Test 2: 12.5 to 13.8 Flashcards
What is the arc length of a space curve?
s = integral (a to b) [ ||r’(t)|| ] dt
What is the formula to find curvature?
K = ||T’(t)|| / ||r’(t)||
What is the process for finding position by integration, from acceleration?
- Integrate to get velocity function plus constant. 2. Set t equal to the provided velocity scalar and solve for constant C=C1 + C2 + C3. 3. Integrate again to get position function plus constant. Set t equal to provided position scalar and solve for constant C=C1 + C2 + C3.
What is the formula for unit tangent vector?
T = r’(t) / ||r’(t)||
What is the formula for unit normal vector?
N = T’(t) / ||T’(t)||
How do you draw level curves / contour lines?
Use f(x,y) = c and draw the function for changing values of c.
How do you find the limit of a function of x and y?
Set x equal to zero and find the limit. Set y equal to zero and find the limit. Set y equal to x and find the limit. If either of the limits don’t match the final one, the limit does not exist.
How do you find partial derivatives using the definition of partial derivatives?
To find F_x, Lim x->0 of f(x+dx, y) - f(x,y) / dx. To find F_y, Lim x->0 of f(x+dx,y) - f(x,y) / dy).

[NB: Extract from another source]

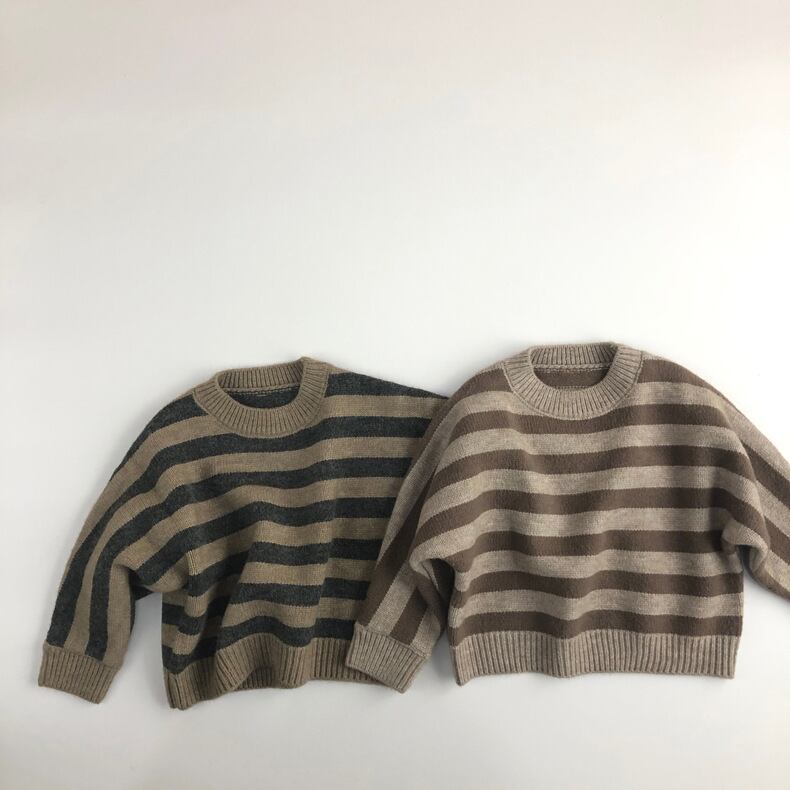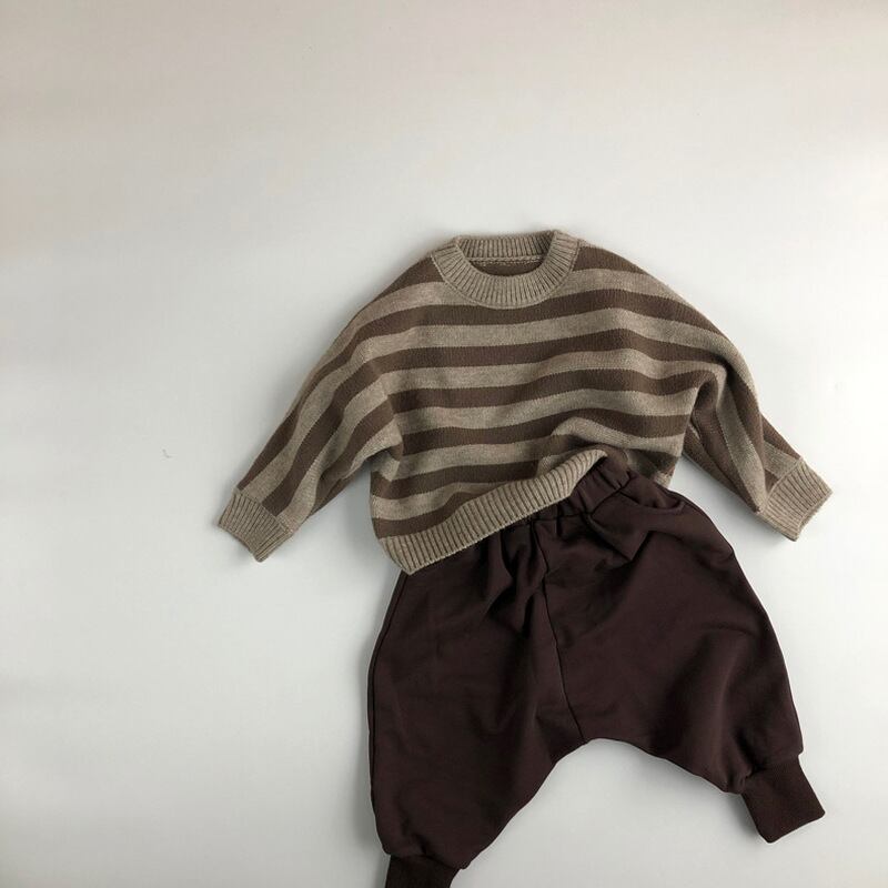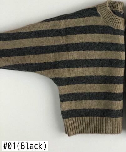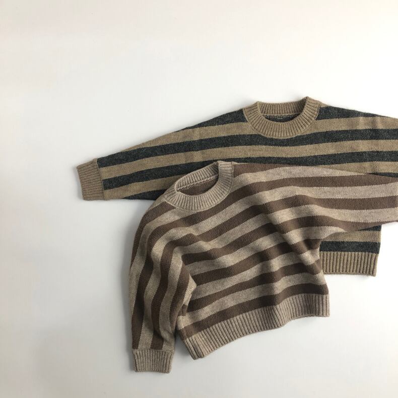セーター オータムプルオーバー 長袖スリーブラウンドネックストライプブラウン ロング 秋物 Oネック mi0931153287165 | Sagittarius By Constellation -KIDS&BABY-

What is the formula for the total differential of the independent variables z?
dz = pdz / pdx * dx + pdz / pdy * dy where pd = partial derivative
What is the process to find maximum possible error in a measurement?

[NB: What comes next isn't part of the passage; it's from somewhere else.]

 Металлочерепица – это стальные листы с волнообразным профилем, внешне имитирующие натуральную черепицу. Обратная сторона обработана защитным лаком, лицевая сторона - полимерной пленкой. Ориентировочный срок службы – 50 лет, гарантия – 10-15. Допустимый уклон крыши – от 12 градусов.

- Find the equation for the desired measurement. 2. Take the total differential of of the desired variable representing the desired measurement, using the provided possible error for dx/dy/dz. 3. Divide the total differential by the actual desired measurement, substituting in provided measurement components. Do not use negatives.
What is the chain rule for one independent variable?

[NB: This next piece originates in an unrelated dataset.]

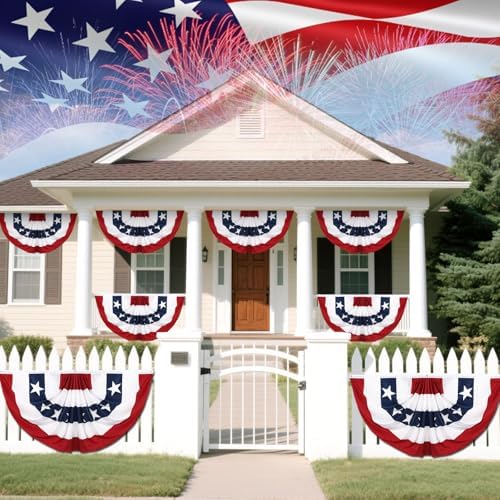 - Transform any space in minutes! Each 4-pack includes pre-installed grommets for hassle-free hanging on railings, pergolas, or event stages. Mix vertical banners with horizontal swags to create cohesive red-white-blue themes from porch to poolside.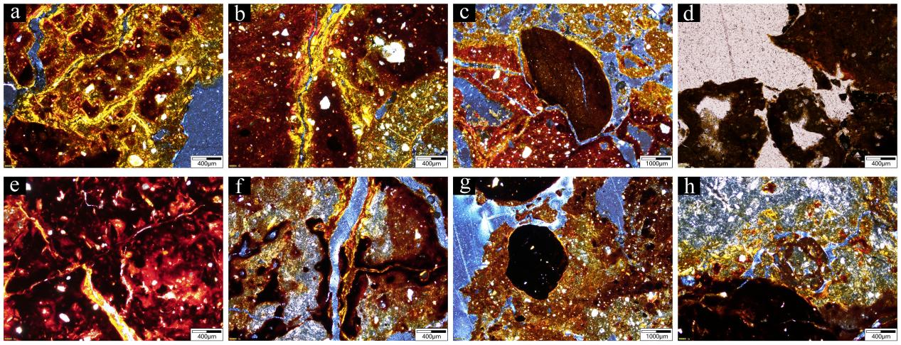 图4.土壤微形态切片(来自高岭坡和枫树岛遗址的网纹红土层)

dw/dt = pdw/pdx * dx/dt + pdw/pdy * dy/dt
What is the chain rule for two independent variables?
pdw/pds = pdw/pdx * pdx/pds + pdw/pdy * pdy/pds, and pdw/pdt = pdw/pdx * pdx/pdt + pdw/pdy * pdy/pdt
How do you draw a tree?
Start at the top and draw the dependent variable (usually w), draw x and y and z under w, and draw t(and s if necessary) under x,y and z.
How do you find dy/dx using implicit differentiation?
dy/dx = -F_x(x,y) / F_y(x,y)
How do you find pdz/pdx and pdz/pdy using implicit differentiation?
pdz/pdx = -F_x(x,y,z)/F_z(x,y,z). pdz/pdy = -F_y(x,y,z)/F_z(x,y,z)